According what I can read, I have the following statements:

[tex]\lim_{x \to 2} f(x) = 1[/tex]

[tex]\lim_{x \to 2} g(x) = -4[/tex]

[tex]\lim_{x \to 2} h(x) = 0[/tex]

a) Applying properties of limits

[tex]\lim_{x \to 2} f(x) + 5g(x) = \lim_{x \to 2} f(x) + 5 \lim_{x \to 2} g(x) = 1 + 5*-4 = -19[/tex]

b) Applying properties of limits

[tex]\lim_{x \to 2} g(x)^{3} = {(\lim_{x \to 2} g(x))}^{3} = (-4)^{3} = -64[/tex]

c) Applying properties of limits

[tex]\lim_{x \to 2} \sqrt{f(x)} = \sqrt{\lim_{x \to 2} f(x)} = \sqrt{1} = 1[/tex]

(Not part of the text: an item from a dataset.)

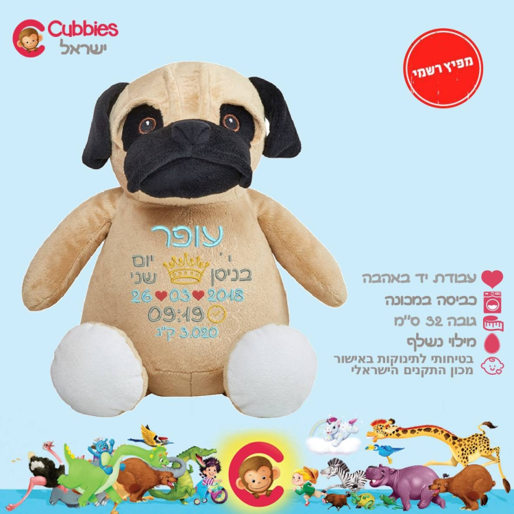 בובה עם רקמה בדמות כלב פאג בעיצוב אישי.
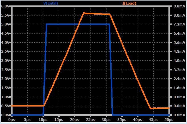 One interesting detail that I noticed is shown in the following plot. After the falling edge, the output current takes a (relatively) long time to return to the expected value of 0 mA.

d) Applying properties of limits

[tex]\lim_{x \to 2} 4*g(x)*f(x) = 4*\lim_{x \to 2} g(x)*\lim_{x \to 2} f(x) = 4*-4*1 =-16[/tex]

e) Applying properties of limits

[tex]\lim_{x \to 2} g(x)*h(x) = \lim_{x \to 2} g(x)*\lim_{x \to 2} h(x) = -4*0 =0[/tex]

f) Applying properties of limits

[tex]\lim_{x \to 2} g(x)*h(x)*f(x) = \lim_{x \to 2} g(x)*\lim_{x \to 2} h(x)*\lim_{x \to 2} f(x = -4*0*1 =0[/tex]